You will grow personally as well as professionally. You will grow out of people and grow into your tribe.
Some people feel like doing a craniosacral therapy training will sharpen their existing palpation or massage skills and get them some CPD points. But the real growth is much deeper than that. You will grow as a person, in your heart centre, which is the centre of our deepest knowing and existence. You will come into a new relationship with yourself, with your friends – finding the ones that you really do connect with deeply and authentically, and with your family – seeing the traumas they carry unknowingly, feeling their twisted sacrums and tense TMJ’s from across the room perhaps. But also, you will grow in compassion for everything that arises because you will understand the deeper currents of formation and purpose they hold.

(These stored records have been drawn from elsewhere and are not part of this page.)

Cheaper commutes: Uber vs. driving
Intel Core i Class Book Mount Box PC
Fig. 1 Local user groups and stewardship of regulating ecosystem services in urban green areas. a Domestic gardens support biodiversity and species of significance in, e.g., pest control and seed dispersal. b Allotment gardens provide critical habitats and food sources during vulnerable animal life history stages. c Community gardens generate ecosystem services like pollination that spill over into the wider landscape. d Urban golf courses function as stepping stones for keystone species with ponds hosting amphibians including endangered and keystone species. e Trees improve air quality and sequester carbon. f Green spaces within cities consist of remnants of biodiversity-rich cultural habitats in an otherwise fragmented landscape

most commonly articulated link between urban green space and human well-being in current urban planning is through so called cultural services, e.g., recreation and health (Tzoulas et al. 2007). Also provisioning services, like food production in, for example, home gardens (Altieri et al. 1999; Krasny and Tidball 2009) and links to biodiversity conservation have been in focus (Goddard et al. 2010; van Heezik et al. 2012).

You will grow out of your old narratives of how hard your childhood was to understand how it made you the warrior you are today. Your inner child will grow up and heal. Nature will open it’s infinite doors to you to experience a profound connection. The grounding and earthing you will practice throughout the course will help you to feel natures energies in a more real way. You’ll learn that what you put into your body is so critical to how you feel, which sounds obvious but it really comes alive on this training course. You will grow in passion, in embodied truth and authenticity for human kind. And for me, that is the best type of growth I could ever ask for.
If you’re thinking of training as a craniosacral therapist I’d highly recommend The College Of Craniosacral Therapy, London not just because the tutors are awesome but also because it’s the only place you can do the course in 1 year. It will disturb you, change you, reshape you. It will redefine what it means to be you.